EXERCISE OBJECTIVE: Range to reproduce from the entries below: the line with "a. Place the", the line with "This shoulder bag", and every line in between. Give them exactly and give nothing else.

DATA SECTION:
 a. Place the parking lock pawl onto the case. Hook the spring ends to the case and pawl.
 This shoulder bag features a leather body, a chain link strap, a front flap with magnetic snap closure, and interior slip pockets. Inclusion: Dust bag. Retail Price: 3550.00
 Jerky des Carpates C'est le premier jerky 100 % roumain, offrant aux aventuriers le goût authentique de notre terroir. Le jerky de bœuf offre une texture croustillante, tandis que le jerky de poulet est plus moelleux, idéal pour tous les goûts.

...

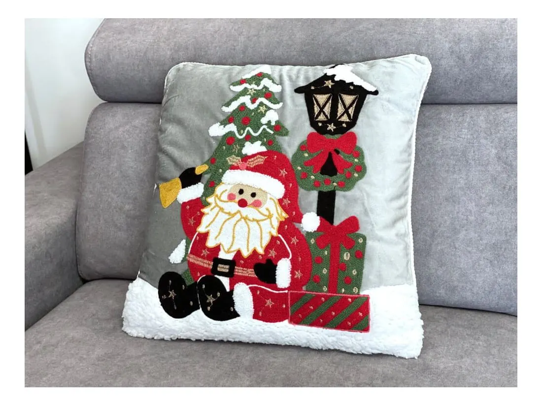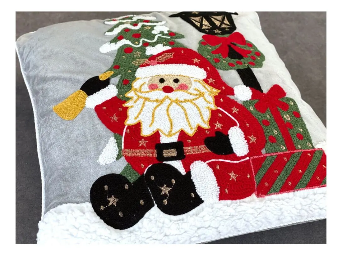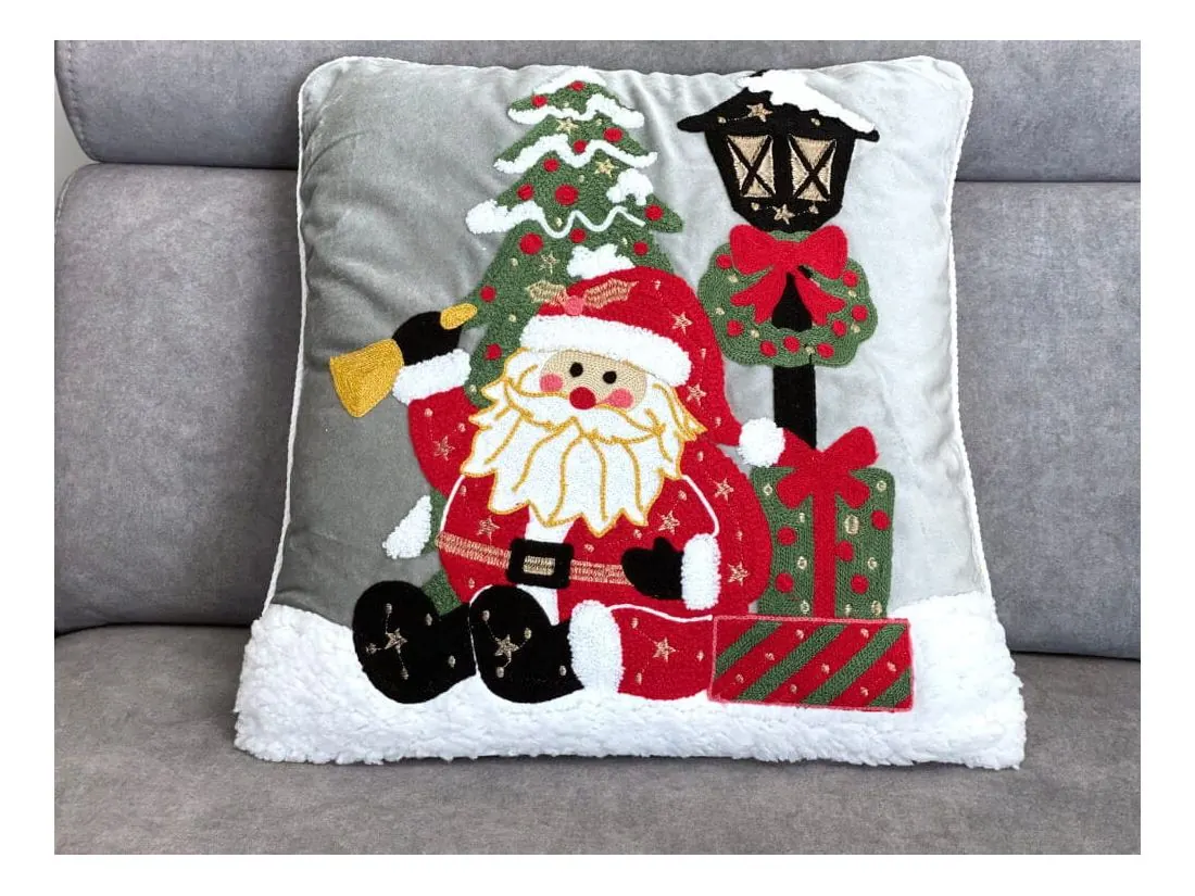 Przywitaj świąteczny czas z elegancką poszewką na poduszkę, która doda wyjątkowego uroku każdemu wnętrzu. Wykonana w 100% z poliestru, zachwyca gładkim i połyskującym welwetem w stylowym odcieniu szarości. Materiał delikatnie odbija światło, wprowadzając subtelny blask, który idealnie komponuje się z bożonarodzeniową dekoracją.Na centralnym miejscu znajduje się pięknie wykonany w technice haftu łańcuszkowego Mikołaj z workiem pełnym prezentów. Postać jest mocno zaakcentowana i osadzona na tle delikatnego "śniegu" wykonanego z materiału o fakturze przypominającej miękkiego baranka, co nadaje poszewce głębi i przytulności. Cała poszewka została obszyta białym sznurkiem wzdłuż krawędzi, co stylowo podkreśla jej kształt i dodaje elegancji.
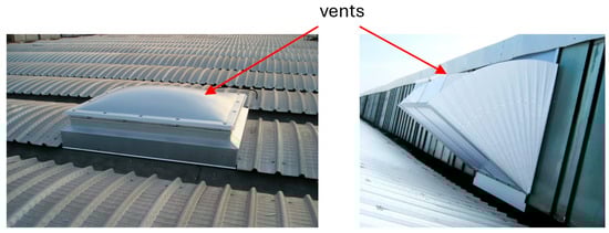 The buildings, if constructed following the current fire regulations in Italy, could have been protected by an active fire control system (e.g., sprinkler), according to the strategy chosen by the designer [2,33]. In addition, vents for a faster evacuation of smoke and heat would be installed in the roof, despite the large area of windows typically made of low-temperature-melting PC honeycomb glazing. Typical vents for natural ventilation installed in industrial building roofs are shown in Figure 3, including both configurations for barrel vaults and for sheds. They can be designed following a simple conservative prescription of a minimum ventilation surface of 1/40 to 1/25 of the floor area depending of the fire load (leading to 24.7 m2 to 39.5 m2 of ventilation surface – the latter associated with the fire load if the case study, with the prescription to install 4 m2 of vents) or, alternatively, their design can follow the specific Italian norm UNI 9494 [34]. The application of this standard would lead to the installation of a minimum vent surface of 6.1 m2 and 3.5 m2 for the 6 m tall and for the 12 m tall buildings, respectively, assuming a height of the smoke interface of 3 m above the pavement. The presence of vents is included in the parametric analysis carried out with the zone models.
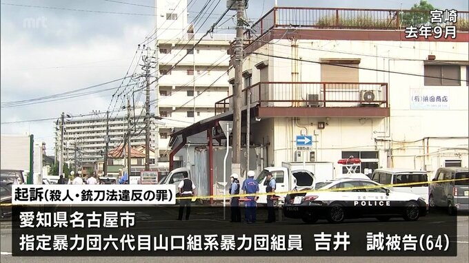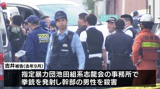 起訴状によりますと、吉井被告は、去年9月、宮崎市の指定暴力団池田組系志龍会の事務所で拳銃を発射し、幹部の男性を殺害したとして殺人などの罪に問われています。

--

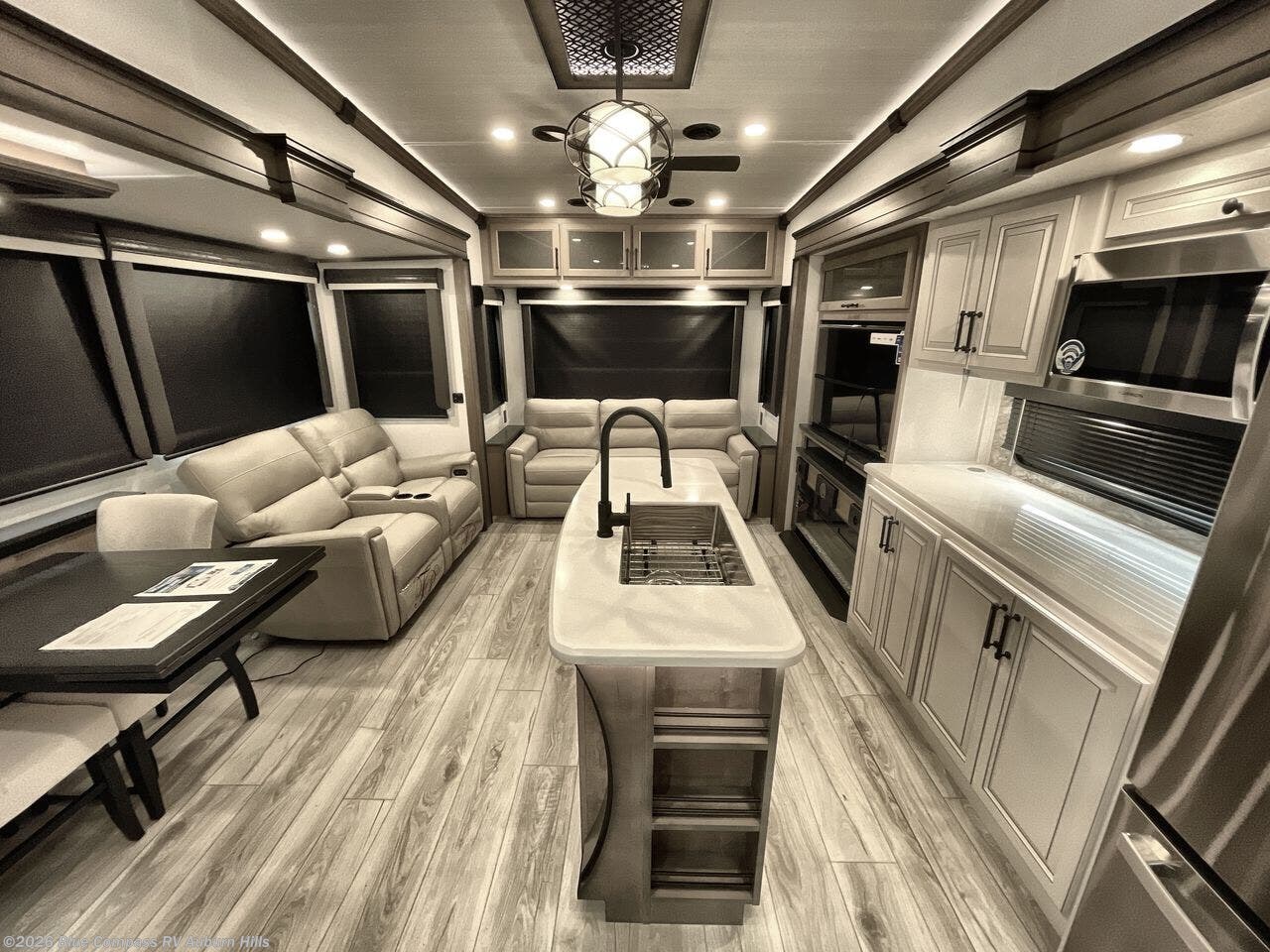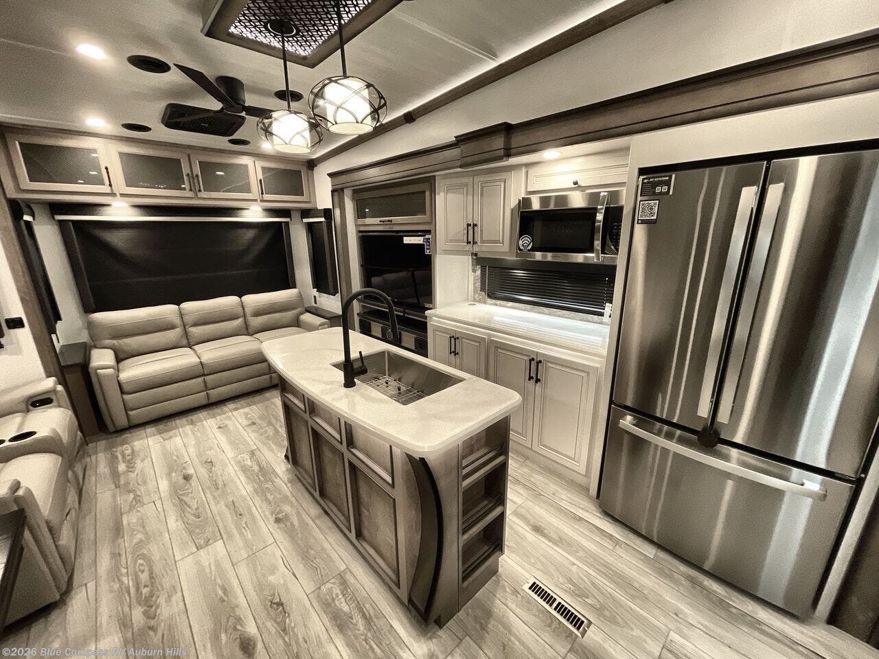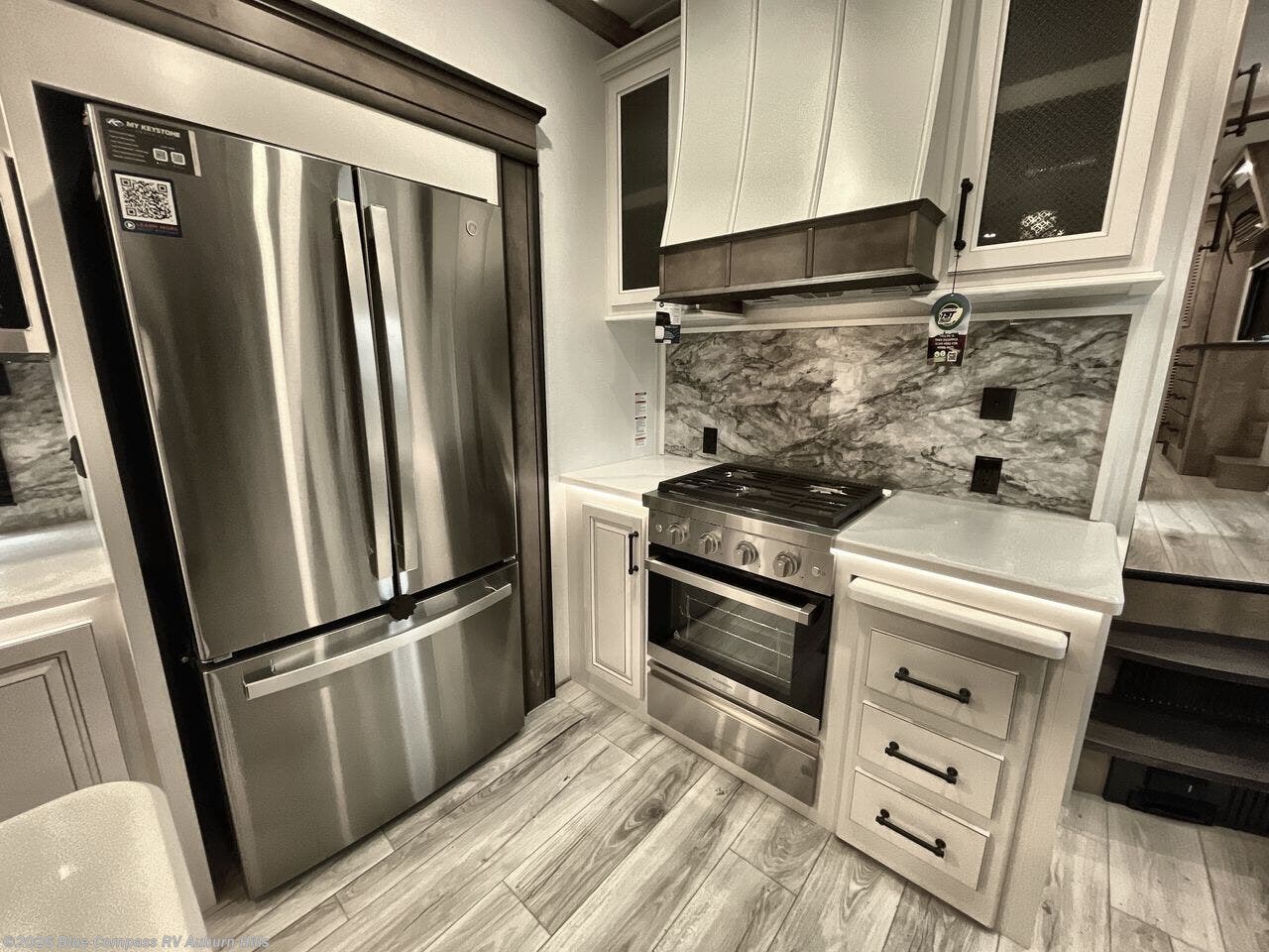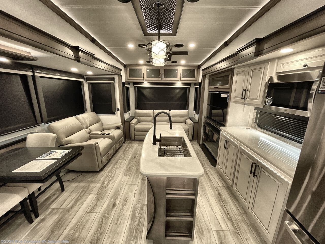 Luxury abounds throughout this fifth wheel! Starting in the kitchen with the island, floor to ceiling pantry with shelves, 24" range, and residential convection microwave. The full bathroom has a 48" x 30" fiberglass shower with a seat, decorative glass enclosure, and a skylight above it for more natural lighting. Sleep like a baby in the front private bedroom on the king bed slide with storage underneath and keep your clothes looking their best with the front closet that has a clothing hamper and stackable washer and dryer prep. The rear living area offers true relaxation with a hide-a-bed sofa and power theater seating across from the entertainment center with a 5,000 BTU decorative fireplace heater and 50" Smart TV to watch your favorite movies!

RESULT FOR THIS TASK:
 a. Place the parking lock pawl onto the case. Hook the spring ends to the case and pawl.
 This shoulder bag features a leather body, a chain link strap, a front flap with magnetic snap closure, and interior slip pockets. Inclusion: Dust bag. Retail Price: 3550.00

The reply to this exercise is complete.